## Extracted entries

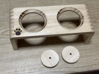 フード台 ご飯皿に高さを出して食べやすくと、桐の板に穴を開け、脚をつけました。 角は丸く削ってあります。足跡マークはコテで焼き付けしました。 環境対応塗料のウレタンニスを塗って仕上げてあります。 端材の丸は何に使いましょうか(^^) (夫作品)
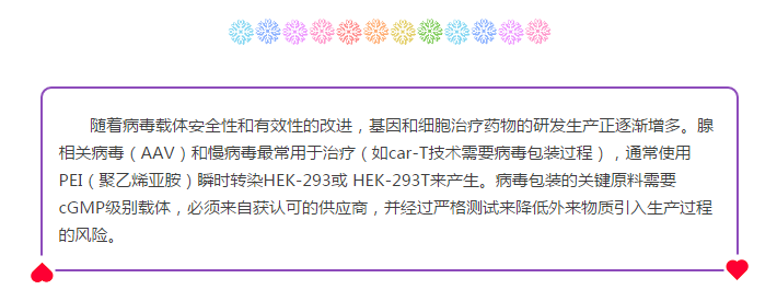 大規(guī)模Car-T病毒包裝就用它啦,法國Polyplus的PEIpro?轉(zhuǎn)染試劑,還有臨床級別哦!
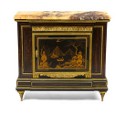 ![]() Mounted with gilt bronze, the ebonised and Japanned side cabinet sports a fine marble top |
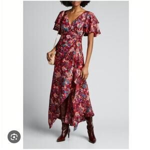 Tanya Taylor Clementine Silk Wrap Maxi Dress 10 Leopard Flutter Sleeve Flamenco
--
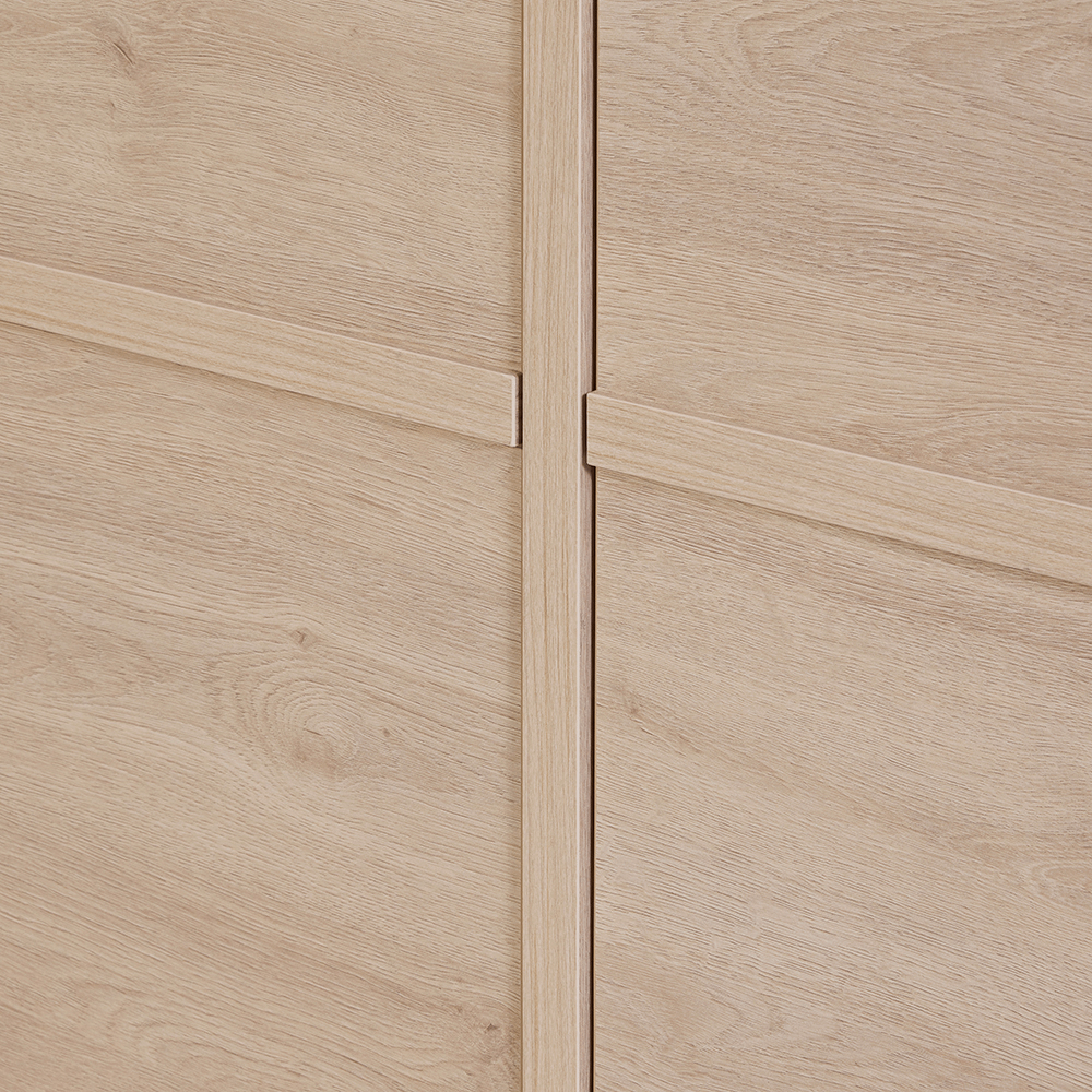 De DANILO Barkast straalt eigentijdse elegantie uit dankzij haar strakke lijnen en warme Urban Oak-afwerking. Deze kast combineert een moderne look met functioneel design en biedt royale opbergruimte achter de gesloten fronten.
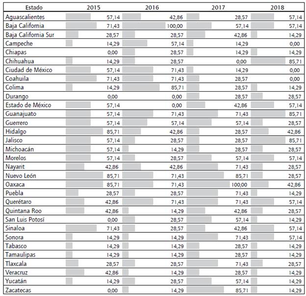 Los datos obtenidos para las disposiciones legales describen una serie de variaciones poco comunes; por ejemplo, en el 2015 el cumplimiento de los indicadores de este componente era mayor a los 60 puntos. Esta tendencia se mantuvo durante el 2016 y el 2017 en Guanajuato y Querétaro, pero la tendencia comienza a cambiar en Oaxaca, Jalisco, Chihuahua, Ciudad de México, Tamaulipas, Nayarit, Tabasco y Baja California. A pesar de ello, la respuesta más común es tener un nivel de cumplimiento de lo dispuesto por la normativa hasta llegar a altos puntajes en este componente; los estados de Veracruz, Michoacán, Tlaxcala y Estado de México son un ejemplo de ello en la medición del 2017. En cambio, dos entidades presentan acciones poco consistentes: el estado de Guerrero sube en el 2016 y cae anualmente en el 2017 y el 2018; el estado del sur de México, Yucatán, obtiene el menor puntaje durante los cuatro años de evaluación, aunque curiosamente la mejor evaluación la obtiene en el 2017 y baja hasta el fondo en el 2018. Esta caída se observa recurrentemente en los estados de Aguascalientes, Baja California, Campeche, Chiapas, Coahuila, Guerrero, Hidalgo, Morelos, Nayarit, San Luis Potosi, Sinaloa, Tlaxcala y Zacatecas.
==
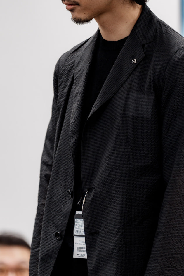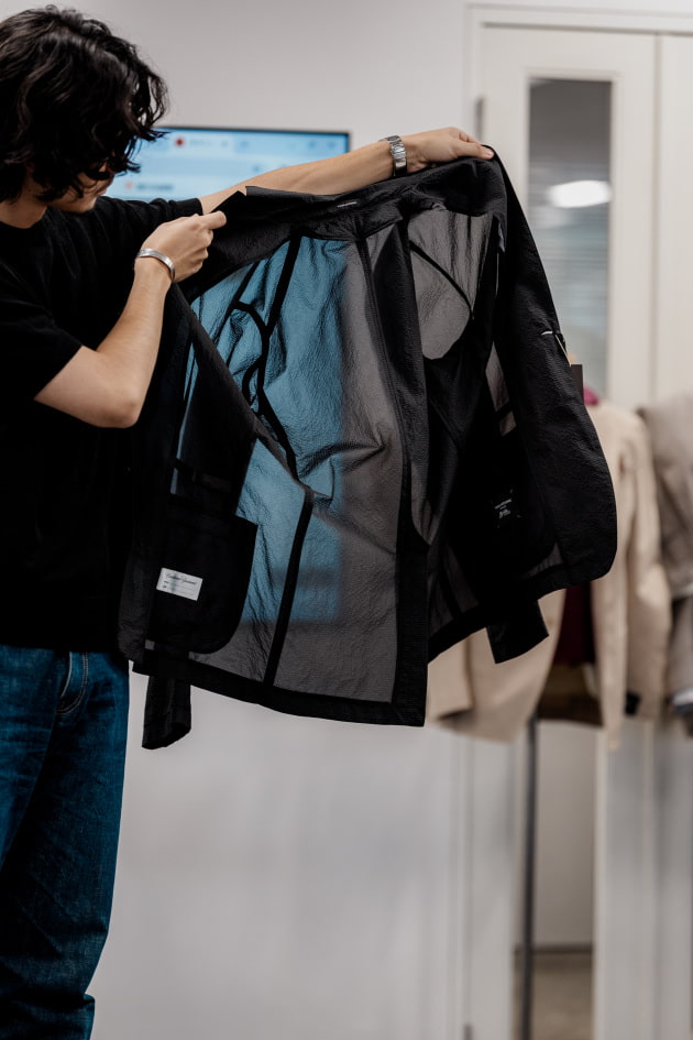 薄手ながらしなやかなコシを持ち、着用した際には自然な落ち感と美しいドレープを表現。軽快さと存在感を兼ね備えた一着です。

## Problem description
Keep to the lines above from the line with "環境対応塗料のウレタンニスを塗って仕上げてあります。 端材の丸は何に使いましょうか(^^) (夫作品)" to the line with "Tanya Taylor Clementine", and set down exactly those, inclusive, with nothing else and every picture left out.

## Exercise response
 フード台 ご飯皿に高さを出して食べやすくと、桐の板に穴を開け、脚をつけました。 角は丸く削ってあります。足跡マークはコテで焼き付けしました。 環境対応塗料のウレタンニスを塗って仕上げてあります。 端材の丸は何に使いましょうか(^^) (夫作品)
 大規(guī)模Car-T病毒包裝就用它啦,法國Polyplus的PEIpro?轉(zhuǎn)染試劑,還有臨床級別哦!
 ![]() Mounted with gilt bronze, the ebonised and Japanned side cabinet sports a fine marble top |
 Tanya Taylor Clementine Silk Wrap Maxi Dress 10 Leopard Flutter Sleeve Flamenco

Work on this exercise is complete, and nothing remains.